Hubbard had competed in the men’s weightlifting competition before transitioning in 2013.

The IOC is allowing Hubbard to compete because testosterone levels are below a certain number. But, of course, there is the biological factor to consider of bone density and muscle mass, which can give biological men a huge advantage in sporting events, particularly weightlifting.

Reuters wrote that “Belgian weightlifter Anna Vanbellinghen said last month allowing Hubbard to compete at Tokyo was unfair for women and ‘like a bad joke’.”
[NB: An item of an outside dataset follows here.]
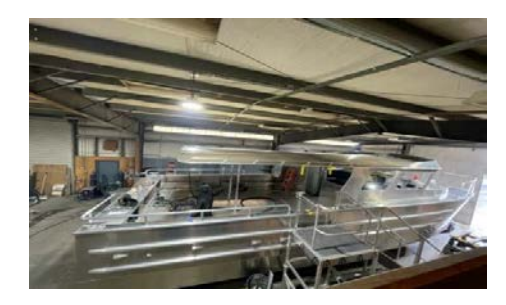
Deck area & roof & LOA

Athletes, nations, coaches, and others who come out against Hubbard for being accepted into the women’s weightlifting competition will no doubt be considered transphobic and unsupportive. This isn’t a matter of tolerance and acceptance, however. This is a matter of basic biology and how men and women’s bodies are constructed on a physiological level that no amount of hormones and surgery can alter.

This issue has received an enormous amount of attention in recent years as men have attempted to compete in women’s sports because they identify as women. One of our writers, Doug Johnson, summed it up in a post on this site back in February:

“Not only are we forcing our kids to accept the lie that you can change your gender, but they also have to be ok giving up their opportunities. They should have a choice in the matter, right? They should have the right and ability to speak up on their own behalf, right? We are literally putting a muzzle on our girls and telling them to just welcome boys and men taking over their sports.”

But what can the women weightlifters do at this point? Nothing. The IOC has spoken and now women who have dedicated years of training to their sport will be at a distinct disadvantage when they compete in the Tokyo Olympics. This is the end of women’s weightlifting and the beginning of the end of women’s sports.